The very long, derived glands of C. rhombeatus do not appear to be linked to the evolution of new toxin types either with the dominant toxin types being CRISP, kallikrein, Type IIA PLA₂, and SVMP/ADAM (including RGD disintegrins). Within Atractaspis the venom differences between long and short glanded species is unclear. It is also unknown whether the long glands of some Calliophis species are linked to significant changes in venom composition.

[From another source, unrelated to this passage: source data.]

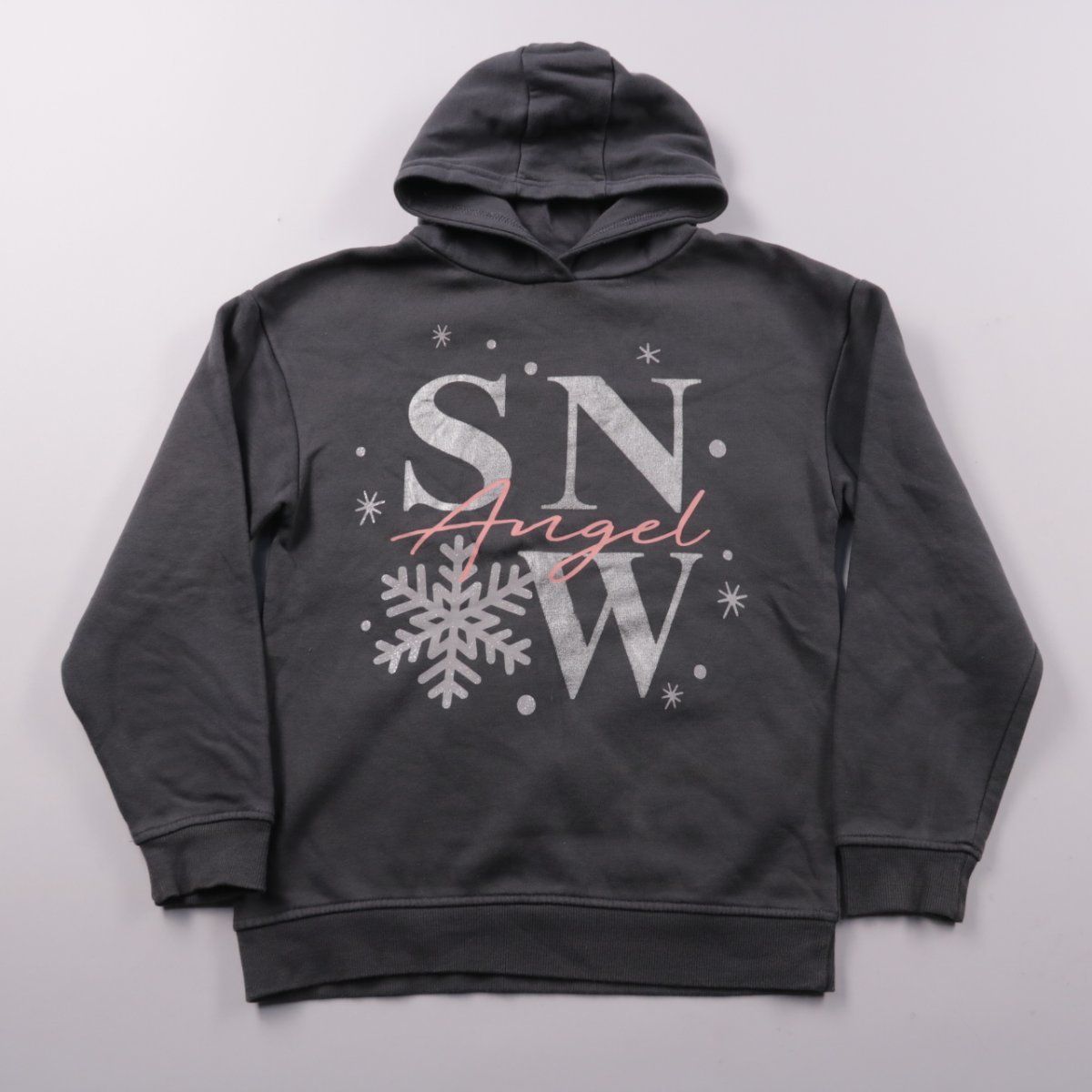 Худи Primark тёмно-серого цвета с зимним принтом Snow Angel и капюшоном. Подойдёт для школы и прогулок в прохладную погоду, удобно носить как верхний слой. Мягкая ткань с начёсом внутри сохраняет тепло.
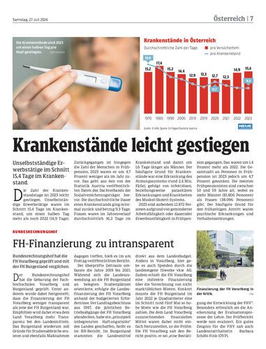 Unselbstständige Erwerbstätige im Schnitt 15,4 Tage im Krankenstand.
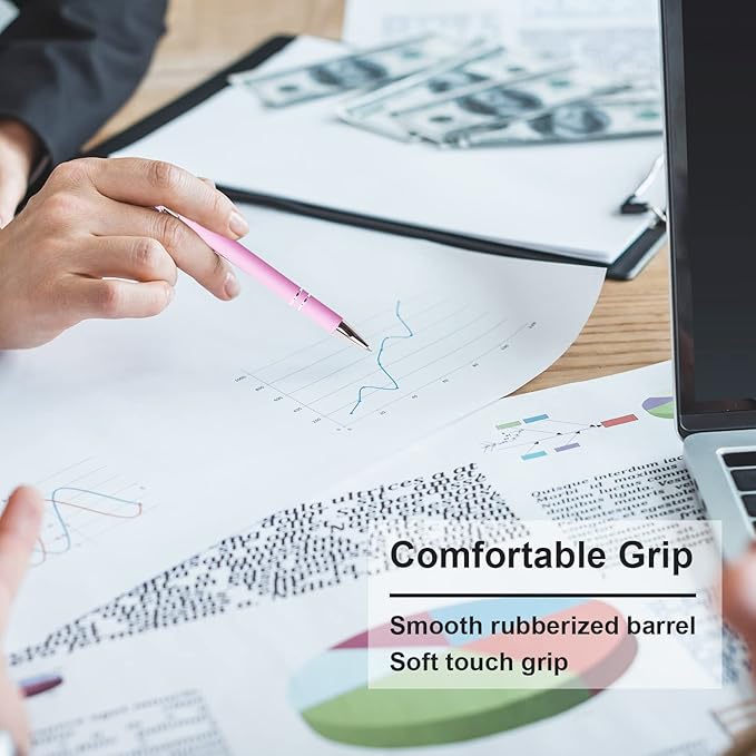 • 【COMFORTABLE GRIP】: The smooth rubberized barrel gives a soft touch grip for extra comfort, smooth writing and just-right weight for effortless.

The early recruitment of a LYNX/SLUR-like gene to form the 3FTx toxin multigene family was one of the most significant developments in snake venom evolution, priming the Caenophidia for extensive diversification. Indeed, venoms from non-front-fanged species have been shown to be just as toxic as well characterized extremely potent elapid venoms (40). A unique nuance of this potent and fast acting toxin type is that, unlike most other toxins, the lethality is almost the same whether injected subcutaneously, intramuscularly, or even intravenously (19), and therefore delivery just under the skin is as efficient as straight into the bloodstream. The highest expression levels of this toxin type in the non-front-fanged snake families are in the gracile, fast moving forms that have only slightly or moderately enlarged rear maxillary teeth and predate upon fast moving, soft, thin skinned, non-dangerous prey items such as geckos and frogs (14). In contrast, the long fanged D. typus is an arboreal snake that includes birds as a major prey item, and the venom is rich in forms of the SVMP/ADAM toxins that are potently prothrombin-activating. The fish-eating aquatic homalopsid snakes, which also have large maxillary dentition, favor hemotoxic lectin toxins as well as ADAM toxins. The elapid snakes, which puncture tough reptile skin with their short, strong hollow front fangs, also typically express 3FTx transcripts as the dominant mRNA species. However, they favor the derived forms that lack the second and third ancestral cysteines.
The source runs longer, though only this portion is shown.